Perimeter Editions x Photo Australia x Honey Long & Prue Stent | Melbourne Book Launch
Perimeter is excited to announce the publication of Honey Long and Prue Stent – Drinking From The Eye as the third title in the PHOTO Editions series, co-published by Photo Australia and Perimeter Editions. To celebrate the launch of the book at NGV's Melbourne Art Book Fair, come along to a panel discussion with the artists, designer Žiga Testen, editor Justine Ellis and commissioning editor Elias Redstone. The launch will be followed by a signing by the artists at the Perimeter table.
EVENT DETAILS
Melbourne Art Book Fair
Federation Court, NGV International
180 St Kilda Road
Saturday May 20, 2pm–2.45pm
This is a free event, with no booking required. Full details here.
ABOUT THE BOOK
Drinking From The Eye is the first photobook by Australian artists Honey Long and Prue Stent, and the third in the PHOTO Editions series, co-published by Photo Australia and Perimeter Editions.
Commissioned by Photo Australia for PHOTO 2024 International Festival of Photography, Melbourne, Drinking From The Eye takes the form of an abstracted visual diary, presenting a combination of constructed photographs and detail shots that emphasise the artists’ attention to form, texture and material.
Honey Long and Prue Stent have worked together for the past ten years, developing a practice that traverses photography, moving image, performance, installation and sculpture. Their art is grounded in experimentation between bodies, materials and environments, and creates a space for the animate versus inanimate – the human and other – to interweave. ‘We see the body as a microcosm and are constantly exploring environments to find moments, processes or formations that reflect a feeling or speak to the body in some way,’ the artists explain. ‘We try to find points of connection where the outside world and our inner worlds overlap.’
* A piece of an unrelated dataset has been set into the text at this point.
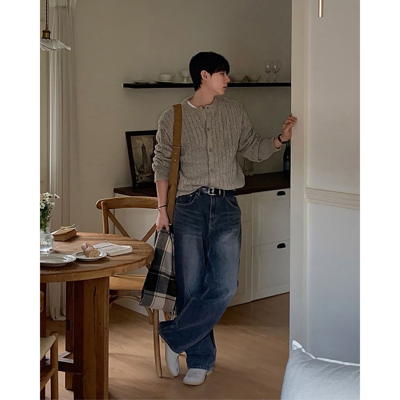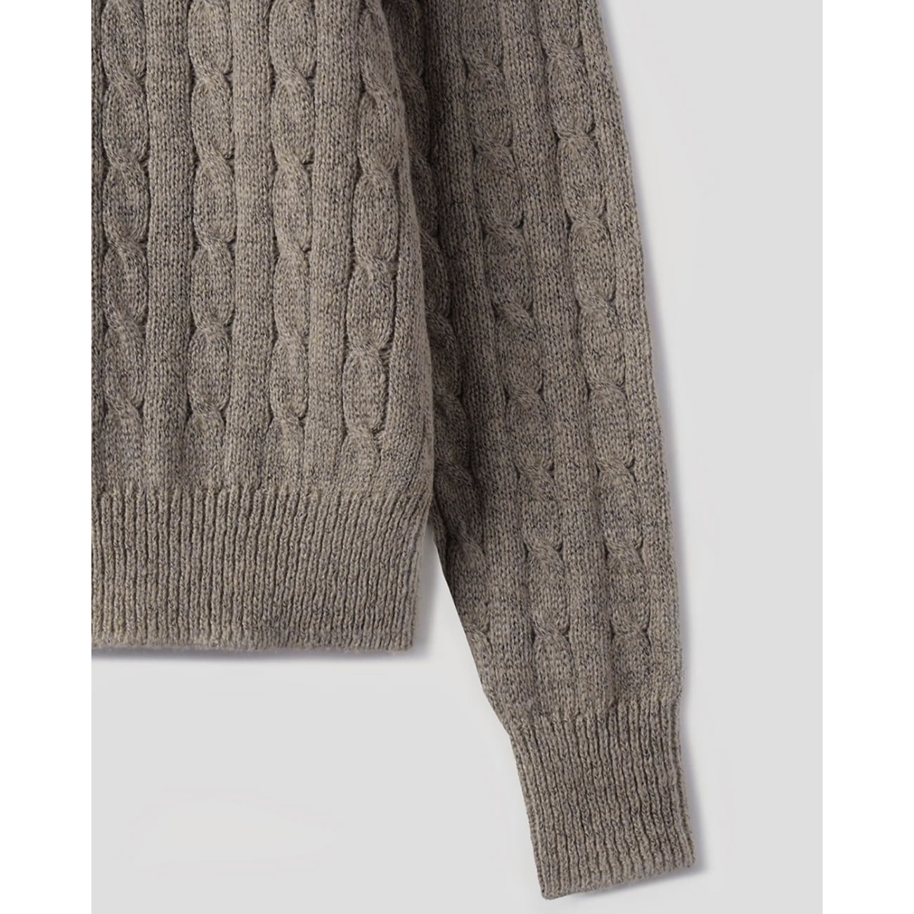 クラシックな編み柄をベースにしながら、すっきりとした首元と程よいゆとりのあるシルエットで、今のスタイルに馴染むバランスに仕上げています。

The body is ever-present throughout Drinking From The Eye, whether literally through a performative interaction, or appearing figuratively in the leaking eye of a rock pool, the plush lips of a sea creature or the tingling tentacles of a sea anemone. ‘From the micro worlds we explore – gardens, rock pools, ponds etc. – hybrid creatures and uncanny moments emerge which speak to desire, fantasy and the urge to see ourselves reflected in the natural world,’ say Long and Stent.
Often referencing historical representations of the female subject, Long and Stent distort and fragment their bodies, creating creaturely hybrids in a constant state of becoming and flux. Dreamlike, fluid, saccharine, gritty and fleshy, they challenge and captivate audiences with powerful imagery that is both subversive and surreal.
56 pages, 28 x 20.8 cm, section-sewn hardcover, Perimeter Editions x Photo Australia (Melbourne).